══ Material for the task
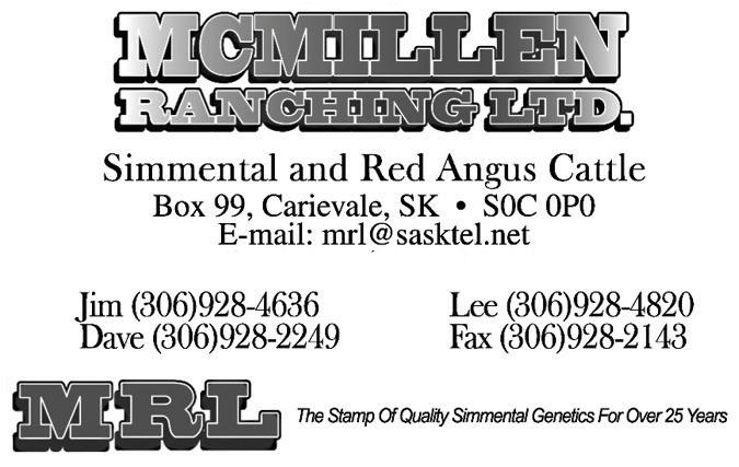 MAR 7 MCMILLEN RANCHING LTD 32ND ANNUAL BULL SALE - CARIEVALE, SK
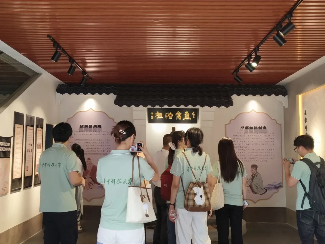 随后,湖南攸县实践队一行步入攸县香干文化展览馆,开启了一场与历史的深度对话。馆内的展陈墙犹如一幅画卷,将攸县豆腐(香干)自汉代刘安、历经千年传承的非遗技艺脉络清晰地呈现。队员们驻足凝望,仿佛穿越时空,深刻感悟这一地方特产从民间小吃到现代产业的宏大演变,领略了非物质文化遗产的深厚底蕴。展馆一隅,一面熠熠生辉的荣誉墙尤为引人瞩目,无声诉说着古老技艺在当代焕发出的蓬勃生机,成为了这份千年传承最具活力的注脚。
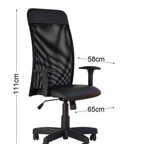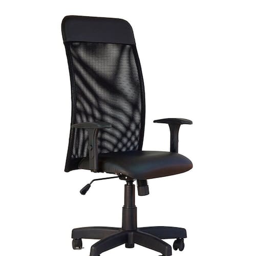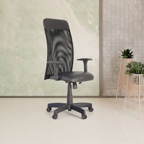 Cadeira giratória Sun de espaldar alto estruturado em tubo de aço revestido em tela de poliéster. Assento em madeira laminada estofado com espuma laminada com densidade D28. Revestimento em sintético preto.
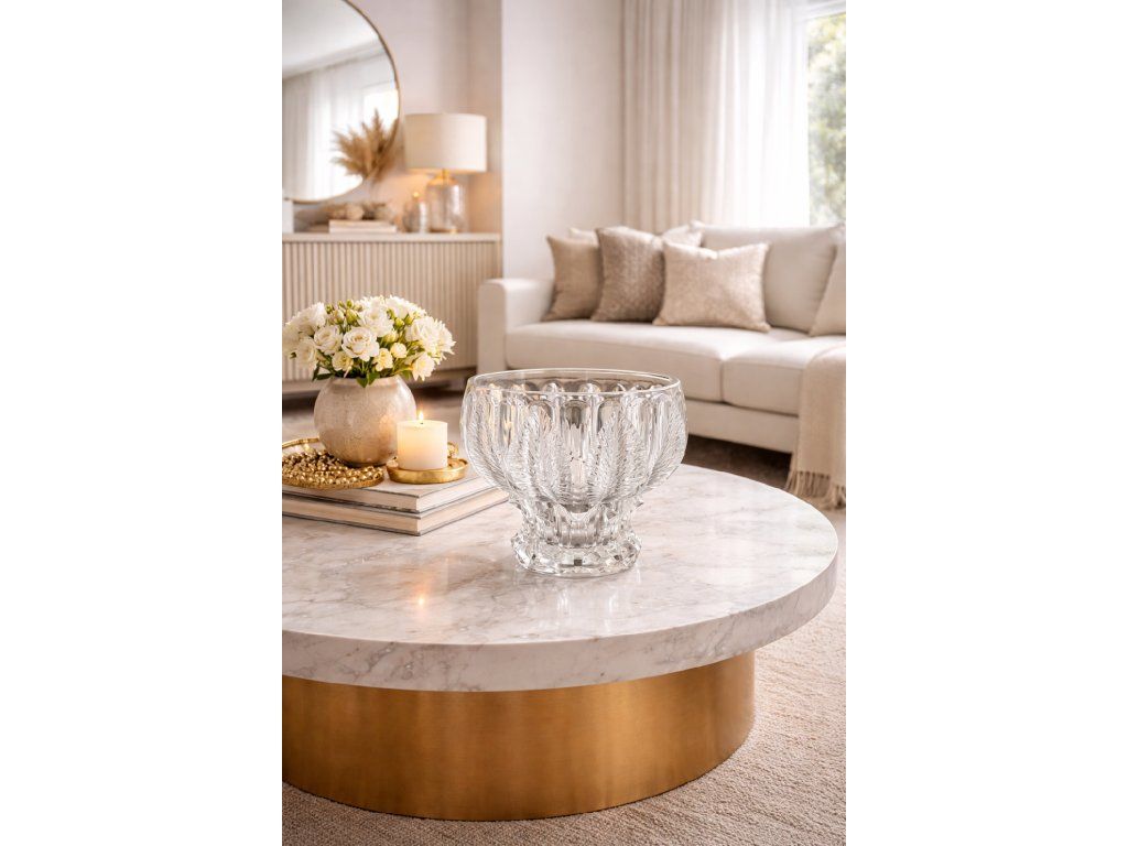 Nádherná, masivní váza z lisovaného křišťálového skla dle autorského návrhu Dagmar Kudrové, Poděbradské sklárny, 70. léta 20. století. Výška 16 cm. Top stav.
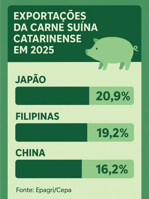 O Japão consolidou-se como o principal destino da carne suína catarinense, respondendo por 20,9% da receita total, seguido por Filipinas (19,2%) e China (16,2%). O destaque vai para o México, que subiu ao quarto lugar no ranking, com crescimento acima de 60% nas vendas para aquele país.
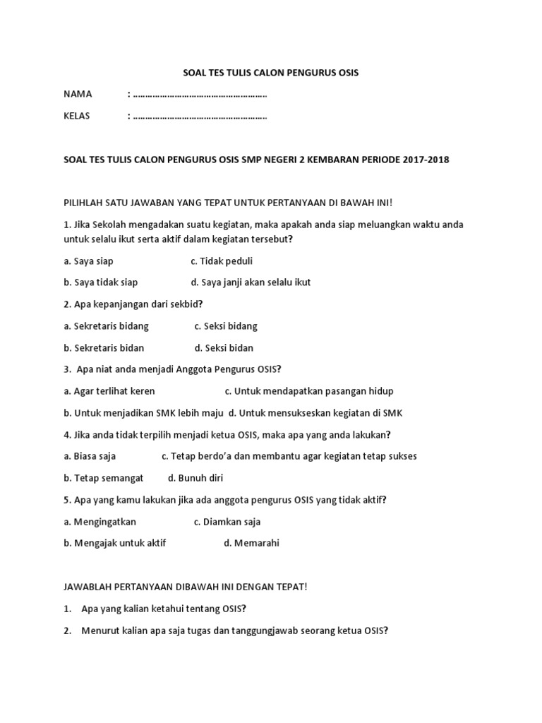 Poin Top Contoh Soal Tes Osis Smp Dan Jawabannya adalah. Soal Dan Jawaban Seleksi Osis Guru Ilmu Sosial. Soal Tes Calon Pengurus Osis.
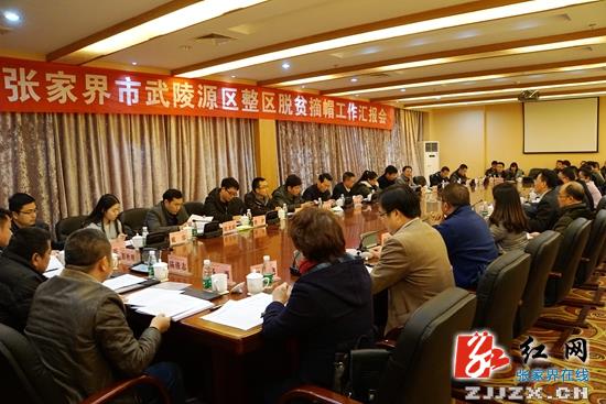 郑小胡在汇报中表示,武陵源区脱贫攻坚工作,严格对照贫困人口脱贫“一超过、两不愁、三保障”,贫困村退出“两个确保、两个完善”,贫困区(县)摘帽“一降低、一高出、一达标”标准,统筹安排、分步实施、踩准节点、逐一落实,保质保量完成了各项工作任务。其工作成效主要包括:加大贫困人口帮扶力度,贫困人口可顺利脱贫;加大产业和基础设施建设力度,贫困村可顺利退出;加大经济社会发展力量,贫困区可顺利摘帽。同时,武陵源区立足区情实际,精准把脉、精准施策,着力解决了“谁来扶”“扶持谁”“谁负责”“不会扶”“怎么扶”“再返贫”六大问题,做到了“精准滴灌”式扶贫。
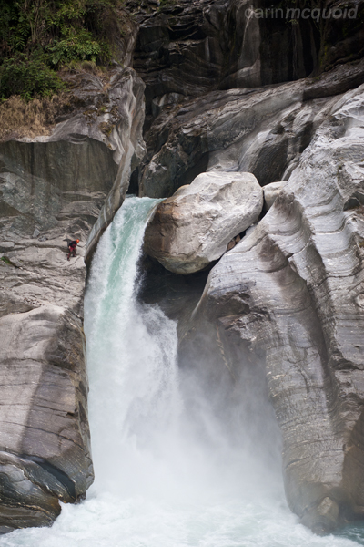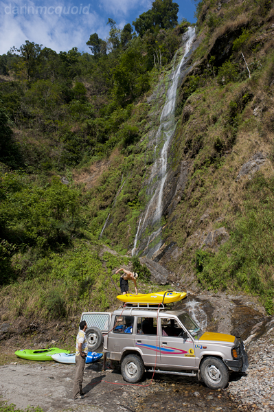 the day, so we grab our boats and climb down to below the falls.
════
Give the lines exactly, from the first line of the entries to the line with "随后,湖南攸县实践队一行步入", both ends included. Skip the pictures.

Completed task -
 MAR 7 MCMILLEN RANCHING LTD 32ND ANNUAL BULL SALE - CARIEVALE, SK
 随后,湖南攸县实践队一行步入攸县香干文化展览馆,开启了一场与历史的深度对话。馆内的展陈墙犹如一幅画卷,将攸县豆腐(香干)自汉代刘安、历经千年传承的非遗技艺脉络清晰地呈现。队员们驻足凝望,仿佛穿越时空,深刻感悟这一地方特产从民间小吃到现代产业的宏大演变,领略了非物质文化遗产的深厚底蕴。展馆一隅,一面熠熠生辉的荣誉墙尤为引人瞩目,无声诉说着古老技艺在当代焕发出的蓬勃生机,成为了这份千年传承最具活力的注脚。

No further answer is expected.